(Material provided Opens)

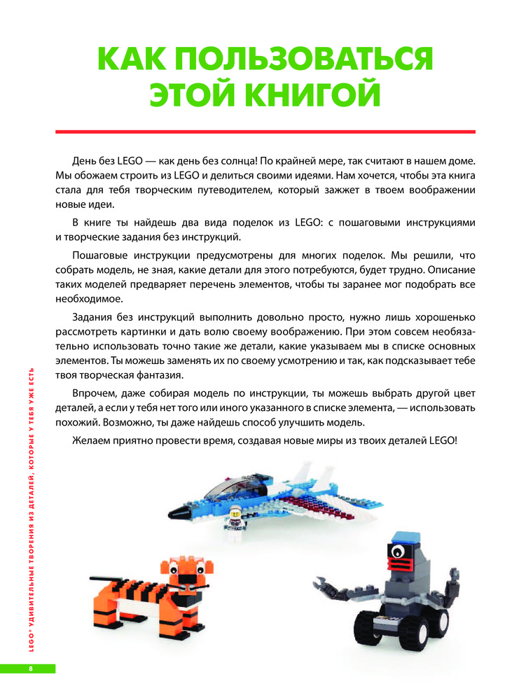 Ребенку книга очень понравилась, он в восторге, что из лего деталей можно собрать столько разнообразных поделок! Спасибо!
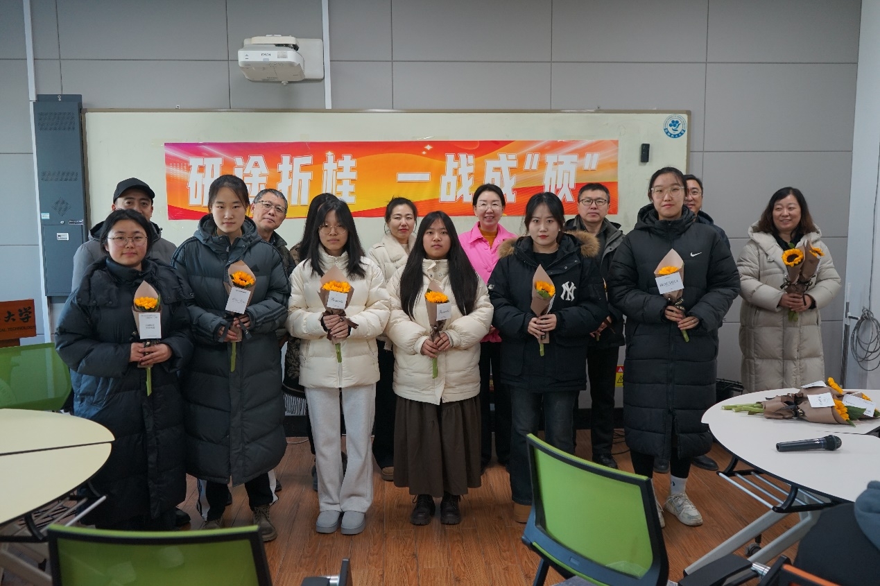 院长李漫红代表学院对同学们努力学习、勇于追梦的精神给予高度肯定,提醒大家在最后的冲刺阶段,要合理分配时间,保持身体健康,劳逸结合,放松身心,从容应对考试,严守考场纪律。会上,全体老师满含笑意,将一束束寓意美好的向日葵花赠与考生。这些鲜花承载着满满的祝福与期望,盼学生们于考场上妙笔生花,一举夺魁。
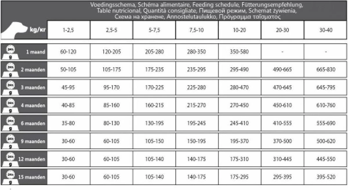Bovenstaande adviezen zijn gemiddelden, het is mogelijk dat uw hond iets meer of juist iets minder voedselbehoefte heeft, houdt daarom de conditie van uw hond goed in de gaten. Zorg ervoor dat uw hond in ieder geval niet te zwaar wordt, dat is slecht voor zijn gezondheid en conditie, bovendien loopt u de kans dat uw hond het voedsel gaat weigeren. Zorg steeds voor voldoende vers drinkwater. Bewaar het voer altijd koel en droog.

(Material provided Closes)

§ **Task**
Nothing but the lines from the one containing "院长李漫红代表学院对同学们努" through the last line of the listing should be copied, each word for word and without pictures.

§ **Solved exercise**
 院长李漫红代表学院对同学们努力学习、勇于追梦的精神给予高度肯定,提醒大家在最后的冲刺阶段,要合理分配时间,保持身体健康,劳逸结合,放松身心,从容应对考试,严守考场纪律。会上,全体老师满含笑意,将一束束寓意美好的向日葵花赠与考生。这些鲜花承载着满满的祝福与期望,盼学生们于考场上妙笔生花,一举夺魁。
Bovenstaande adviezen zijn gemiddelden, het is mogelijk dat uw hond iets meer of juist iets minder voedselbehoefte heeft, houdt daarom de conditie van uw hond goed in de gaten. Zorg ervoor dat uw hond in ieder geval niet te zwaar wordt, dat is slecht voor zijn gezondheid en conditie, bovendien loopt u de kans dat uw hond het voedsel gaat weigeren. Zorg steeds voor voldoende vers drinkwater. Bewaar het voer altijd koel en droog.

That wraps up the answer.